Messiah Through New Eyes is a Thought-provoking Experience

United KingdomUnited Kingdom Hannah Conway and Handel: Schoolchildren from La Retraite RC School, Clapham Park; St Paul’s Way Trust School; and Westminster City School; Mary Bevan (soprano); Reginald Mobley (counter-tenor); Thomas Hobbs (tenor); Christopher Purves (baritone); Academy of Ancient Music Chorus & Orchestra / Richard Egarr (director/harpsichord). Barbican Hall, London, 20.12.2017. (CC)

Conway – A Young Known Voice (2017, World Premiere)

HandelMessiah, HWV 56 (1741)

Hannah Conway’s piece A Young Known Voice, which is an outcome of a project entitled Messiah Who?, explores contemporary responses to Handel’s Messiah viewed through the eyes of today’s youth. As part of a six-day experience, the entire libretto was laid out on a school floor; schoolchildren were let loose on the text to find passages that resonated with their lives today.
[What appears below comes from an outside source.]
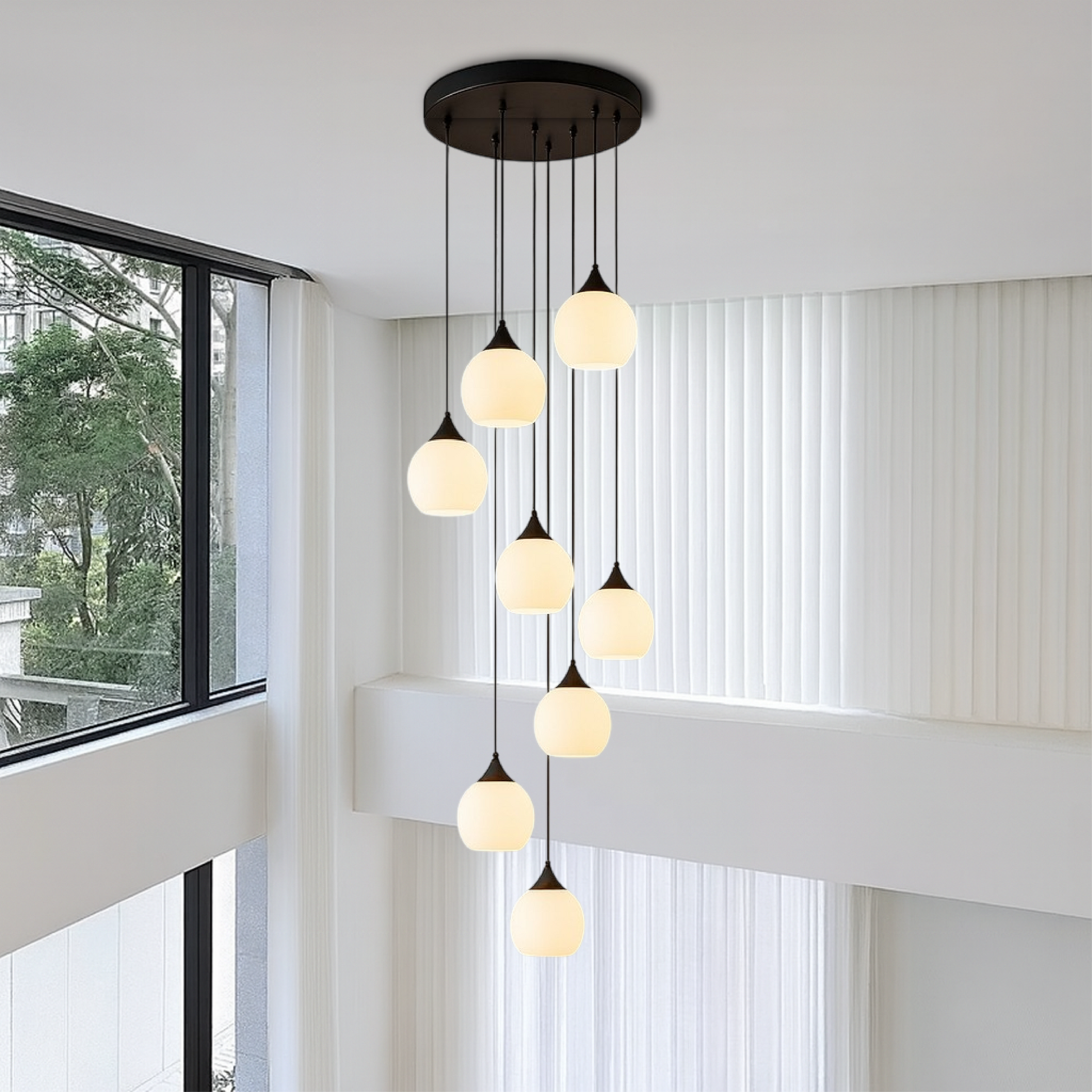 Denne pendel er mere end bare et belysningselement - den er en erklæring om stil og rumlig harmoni. Den er designet til store rum som f.eks. dobbelthøje stuer eller foyerer, og dens elegant forskudte pærer trækker øjet opad og forstærker både volumen og stemning. Det er en perfekt blanding af form og funktion til dem, der sætter pris på både raffinement og komfort.

Themes of ostracisation (an obvious problem in Jesus’ life) and of bias predominated, from the negative reaction of parents when a child announces her homosexuality to the cry ‘Why do the nations so furiously rage together?’.

The promise from Conway was that ‘tonight you will hear Messiah differently’. The text for A Young Known Voice was reproduced in the booklet (that of Messiah itself was not). The approximately 50 young people (who then had to sit through the entirety of the Handel on stage – more of a challenge to some than for others) joined the AAM Choir and Orchestra, with various children coming forward to read out passages of text at various points. Elements of African American Spiritual rubbed shoulders with statements (obviously not directly from the Handel) that ‘We chose to leave the EU. They elected Trump. One man’s trash is another’s treasure’. In this spirit, the line ‘are people scared of the truth?’ is musically counterpointed with ‘Why do the nations so furiously rage’. Conway, who has worked extensively with this sort of collaborative project, fashioned an effective piece, one that certainly succeeded in engaging the audience: some shouting from the back of the auditorium was met with consternation from other quarters and a swift exit encouraged by an usher of an obviously disgruntled audience member. If the intent was to stir up things, they succeeded.

Conway’s piece is obviously rooted in Handel’s, and one questions indeed if it could be performed as a stand-alone piece in its own right. It was an interesting experiment in bringing home truths to an audience via a mid-eighteenth century piece.

The Messiah was performed in the oboeless Dublin version for the 1743 premiere. Oratorio as sacred opera is a vital part of understanding Handel’s output; in the pre-concert talk, Egarr also referred to how we used to see this music, referencing the cylinders made in 1888 of Israel in Egypt at Crystal Palace (available, unbelievably, on YouTube here). With his small orchestra and 17-voice incisive choir, Egarr’s was a streamlined Messiah. Interruptive applause between movements early on threatened to make this a very long evening (the interruptions diminished although it was a long evening: advertised to finish at 9.35pm, it was 10.10pm when I exited the hall). There was also a mini-break after ‘For unto us a child is born’ in Part One.

The soloists were a nicely mixed bunch. Top of the tree, and not just in terms of range, was Mary Bevan’s exquisite, intimate soprano, so perfectly polished an instrument and with not a hint of glare as it reaches towards the higher register. While counter-tenor Reginald Mobley took time to warm up in Part One (the registral break in his voice all too obvious), his perfect lead-in to ‘O thou that tellest good tidings to Zion’ seemed to announce a personal arrival point from which there was no return. ‘He was despised’ was a highpoint of the performance in its heartfelt eloquence and declamatory power. Tenor Thomas Hobbs began the work vocally with a suave ‘Comfort ye’ and he found plenty of strength in Part Two. The experienced baritone Christopher Purves proved remarkably agile, reaching full-heat ferocity in ‘Why do the Nations’, while he was joined by the magnificently clarion trumpeter David Blackadder for ‘The Trumpet shall sound’ (as opposed to Trump shall sound, of course – he had his moment earlier on).

The AAM Chorus was a little miracle. Egarr took the chorus ‘He trusted in God’ at such a lick that it emerged as proto-Mendelssohnian in its lightness; the ‘Hallelujah’ chorus (with most but not all standing) nevertheless had heft and gravitas. The Academy orchestra itself reacted to Egarr’s energetic direction with aplomb and, at times, stunning accuracy at speed.

All in all, this was an elevating evening, a Messiah with a contemporary spin. I notice with amusement that the schools’ accompanist in the project team boasts the surname Lazarus: perhaps, though, we are not quite raising Messiah from the dead here, just enabling something of a revivification in our experience. Messiah through new eyes; if not quite revelatory, this was certainly a thought-provoking experience.